## [Record excerpts]
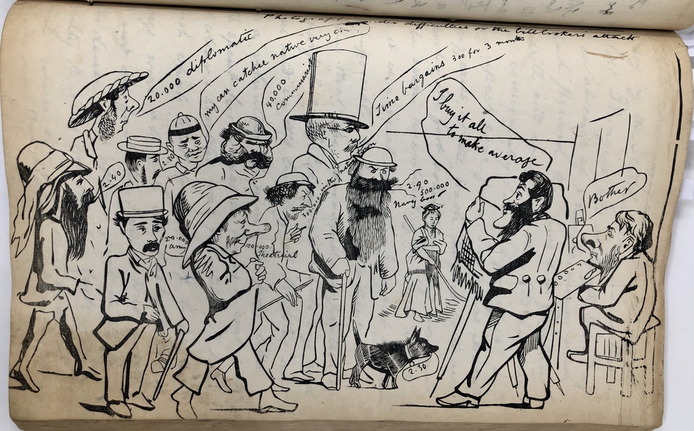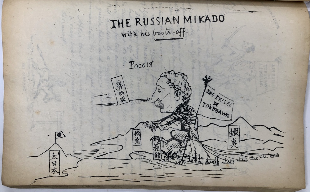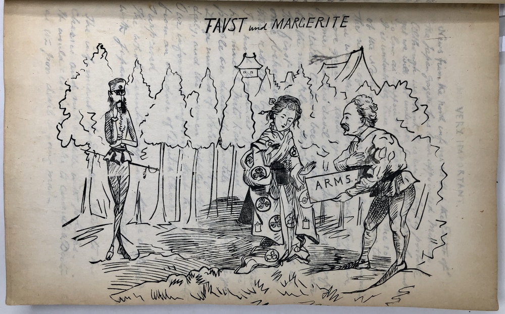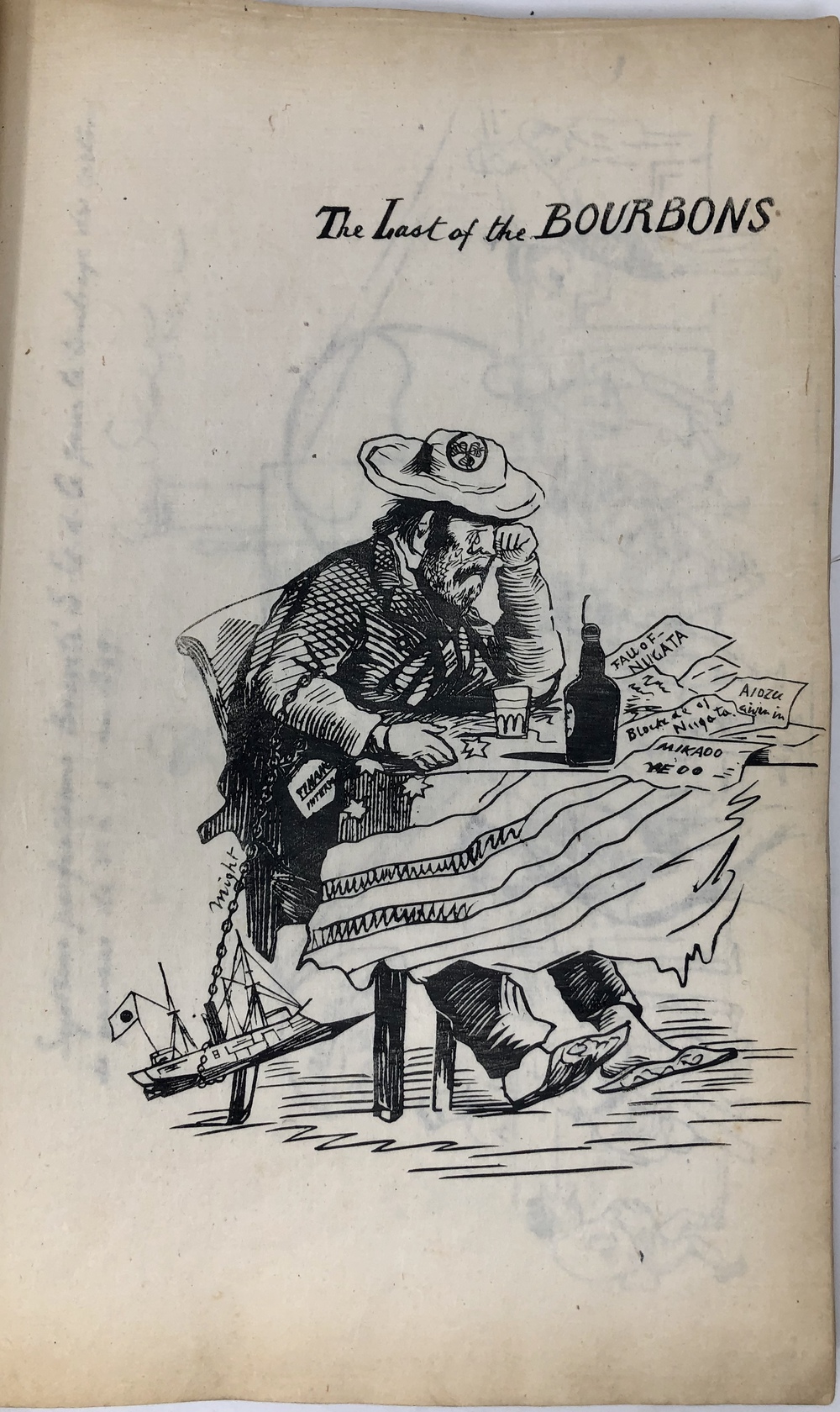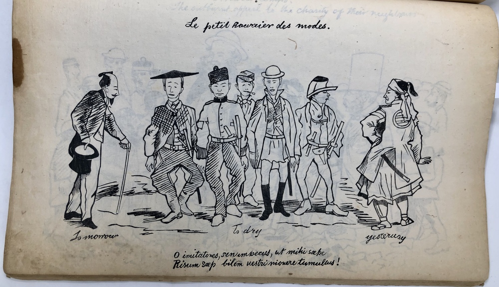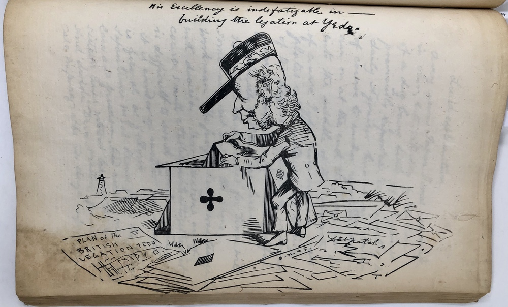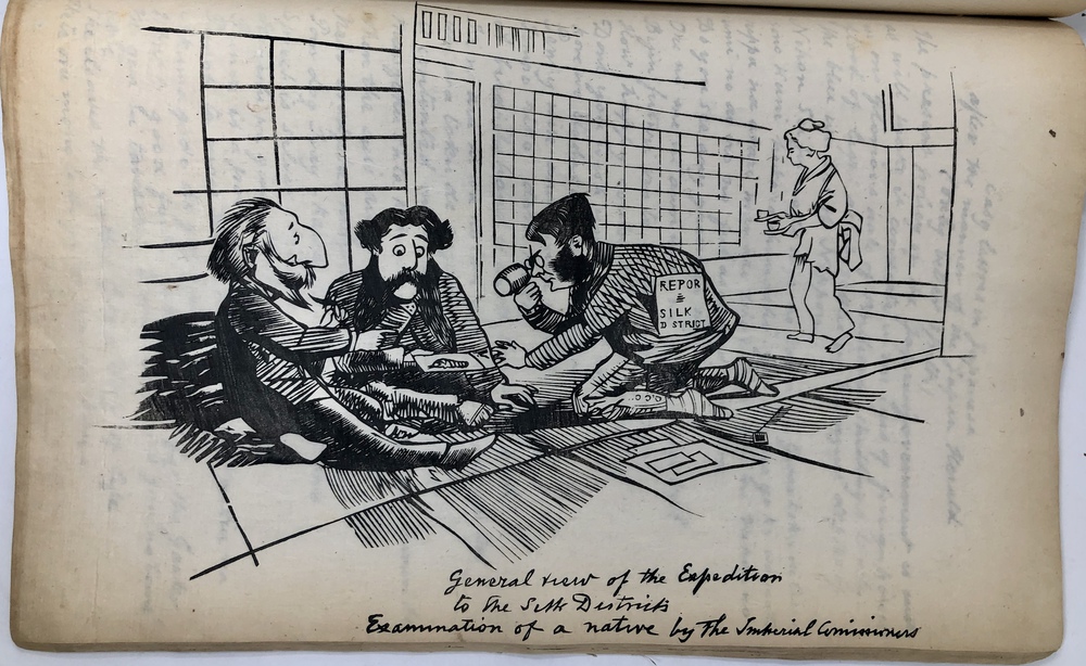 これらに加えて、本書には当時の横浜在住外国人所有者によるものと思われる書き込みのある和紙と名刺が挟み込まれており、これらも大変興味深いものです。和紙には「シュヴィリエ(Chevrier)90番(九十番)」とあり、挟み込まれた名刺の書き込みにもシュヴィリエによる署名があります。このシュヴィリエがどういった人物であるのかは分かりませんが、横浜の居留地番号を示すと思われる90番という場所は、スイスによる日本との通商条約のために1863年に派遣された使節団の商業部門を担当する公使館参事官として来日して以降、横浜に居を構えていたブレンワルド(Casper Brennwald, 1838 - 1899)によるシイベル・ブレンワルド社が1868年以降の所在地としていたことで知られる場所です。名刺は、リベロール(Henri de Riberolles )とありますが、恐らくこのリベロールとは、大学南校を経て、1872年から74年にかけて司法省法学校の教員となっていたリベロールのことと思われます。名刺の書き込みは、『ジャパン・パンチ』とその著者であるワーグマンについて簡単に紹介したもので、1898年1月9日付とあります。この書き込みでは、「私が信じるに2年前に横浜で亡くなった私たちの日本の友人による」ものとして『ジャパン・パンチ』のことを紹介しています(ワーグマンが亡くなったのは1891年のことですので「2年前」というのは明らかに間違いですが)。
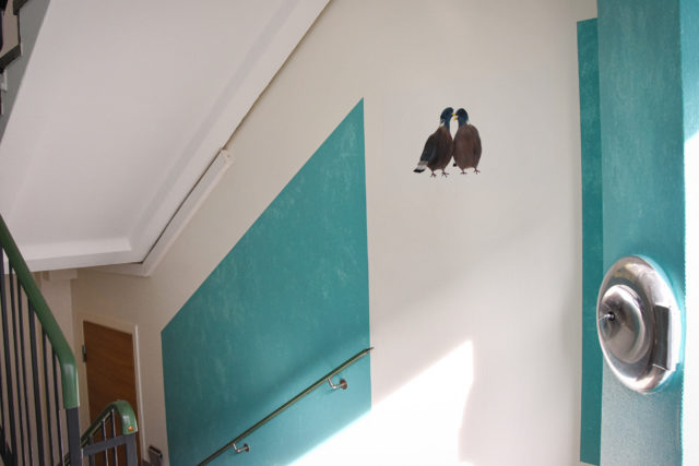 I dag pryder duvor varje våningsplan. Valet av fåglar är ingen slump, lägenhetshuset ligger i kvarteret Ringduvan och arkitekten efterfrågade just duvor: sittande på markplan, lättande på mellanplan och i flygning längst upp.
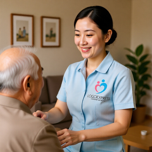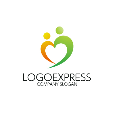二人の人物が手を取り合い、一体となってハートの形を形成する、温かく優しい印象のロゴです。
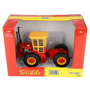 Built tough by ERTL for young hands, this Versatile toy tractor features sturdy diecast metal construction with authentic Versatile decoration and features. Featuring a 4WD configuration, it is equipped with large front and rear single tires. Adding to this toy replica tractor's realism is its free-rolling wheels, articulated steering, clear cab windows and detailed cab interior! Utilize its replica style rear drawbar hitch for attaching most all 1/32 scale ERTL implements!
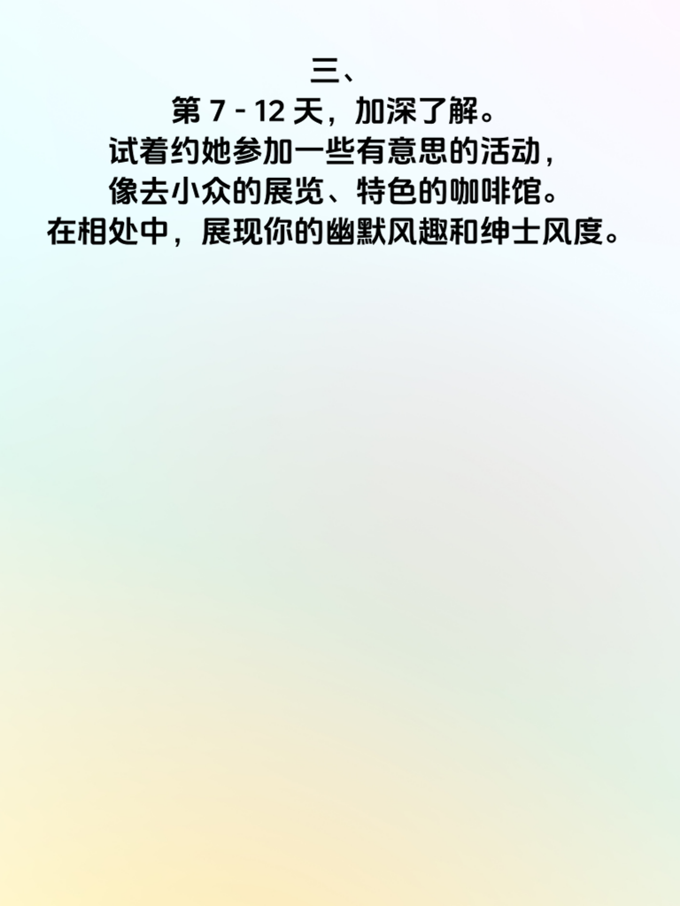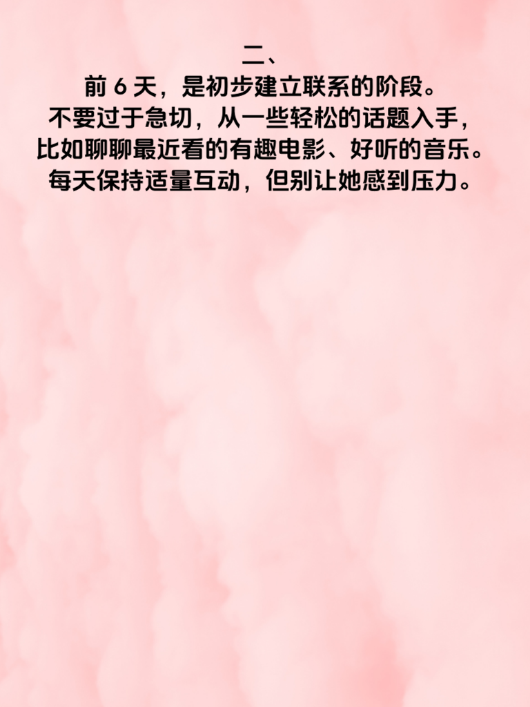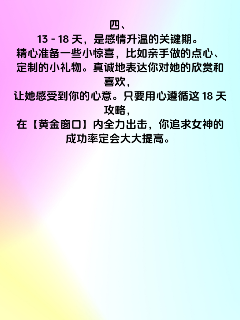 一、在追求女神的道路上,有个关键的【黄金窗口】时期,把握好它,能让你的追求事半功倍。这18天高效攻略,助你成功抱得美人归。 二、前6天,是初步建立联系的阶段。不要过于急切,从一些轻松的话题入手,比如聊聊最近看的有趣电影、好听的音乐。每天保持适量互动,但别让她感到压力。 三、第7 - 12天,加深了解。试着约她参加一些有意思的活动,像去小众的展览、特色的咖啡馆。在相处中,展现你的幽默风趣和绅士风度。 四、13 - 18天,是感情升温的关键期。精心准备一些小惊喜,比如亲手做的点心、定制的小礼物。真诚地表达你对她的欣赏和喜欢,让她感受到你的心意。只要用心遵循这18天攻略,在【黄金窗口】内全力出击,你追求女神的成功率定会大大提高。
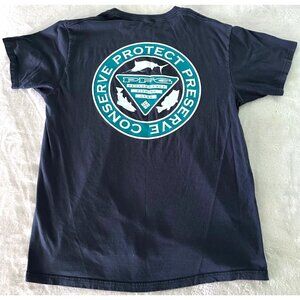 Columbia Mens Navy Graphic T-Shirt Tee Size Large L Cotton Crewneck. Has some wash wear.
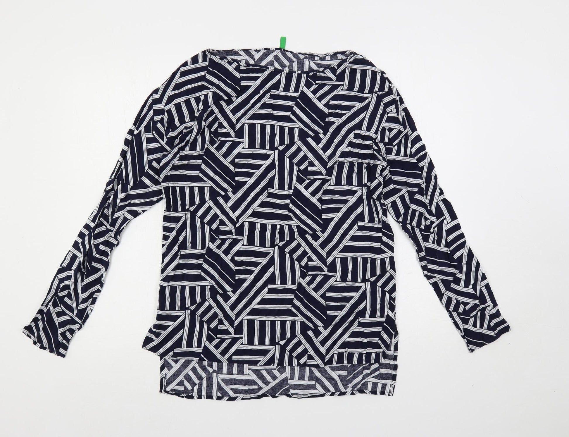 United Colors of Benetton Womens Blue Geometric Viscose Basic Blouse Size S Boat Neck

## [Task to complete]
Output the records above character for character, but leave each image out.

## [Result of this task]
 これらに加えて、本書には当時の横浜在住外国人所有者によるものと思われる書き込みのある和紙と名刺が挟み込まれており、これらも大変興味深いものです。和紙には「シュヴィリエ(Chevrier)90番(九十番)」とあり、挟み込まれた名刺の書き込みにもシュヴィリエによる署名があります。このシュヴィリエがどういった人物であるのかは分かりませんが、横浜の居留地番号を示すと思われる90番という場所は、スイスによる日本との通商条約のために1863年に派遣された使節団の商業部門を担当する公使館参事官として来日して以降、横浜に居を構えていたブレンワルド(Casper Brennwald, 1838 - 1899)によるシイベル・ブレンワルド社が1868年以降の所在地としていたことで知られる場所です。名刺は、リベロール(Henri de Riberolles )とありますが、恐らくこのリベロールとは、大学南校を経て、1872年から74年にかけて司法省法学校の教員となっていたリベロールのことと思われます。名刺の書き込みは、『ジャパン・パンチ』とその著者であるワーグマンについて簡単に紹介したもので、1898年1月9日付とあります。この書き込みでは、「私が信じるに2年前に横浜で亡くなった私たちの日本の友人による」ものとして『ジャパン・パンチ』のことを紹介しています(ワーグマンが亡くなったのは1891年のことですので「2年前」というのは明らかに間違いですが)。
 I dag pryder duvor varje våningsplan. Valet av fåglar är ingen slump, lägenhetshuset ligger i kvarteret Ringduvan och arkitekten efterfrågade just duvor: sittande på markplan, lättande på mellanplan och i flygning längst upp.
二人の人物が手を取り合い、一体となってハートの形を形成する、温かく優しい印象のロゴです。
 Built tough by ERTL for young hands, this Versatile toy tractor features sturdy diecast metal construction with authentic Versatile decoration and features. Featuring a 4WD configuration, it is equipped with large front and rear single tires. Adding to this toy replica tractor's realism is its free-rolling wheels, articulated steering, clear cab windows and detailed cab interior! Utilize its replica style rear drawbar hitch for attaching most all 1/32 scale ERTL implements!
 一、在追求女神的道路上,有个关键的【黄金窗口】时期,把握好它,能让你的追求事半功倍。这18天高效攻略,助你成功抱得美人归。 二、前6天,是初步建立联系的阶段。不要过于急切,从一些轻松的话题入手,比如聊聊最近看的有趣电影、好听的音乐。每天保持适量互动,但别让她感到压力。 三、第7 - 12天,加深了解。试着约她参加一些有意思的活动,像去小众的展览、特色的咖啡馆。在相处中,展现你的幽默风趣和绅士风度。 四、13 - 18天,是感情升温的关键期。精心准备一些小惊喜,比如亲手做的点心、定制的小礼物。真诚地表达你对她的欣赏和喜欢,让她感受到你的心意。只要用心遵循这18天攻略,在【黄金窗口】内全力出击,你追求女神的成功率定会大大提高。
 Columbia Mens Navy Graphic T-Shirt Tee Size Large L Cotton Crewneck. Has some wash wear.
 United Colors of Benetton Womens Blue Geometric Viscose Basic Blouse Size S Boat Neck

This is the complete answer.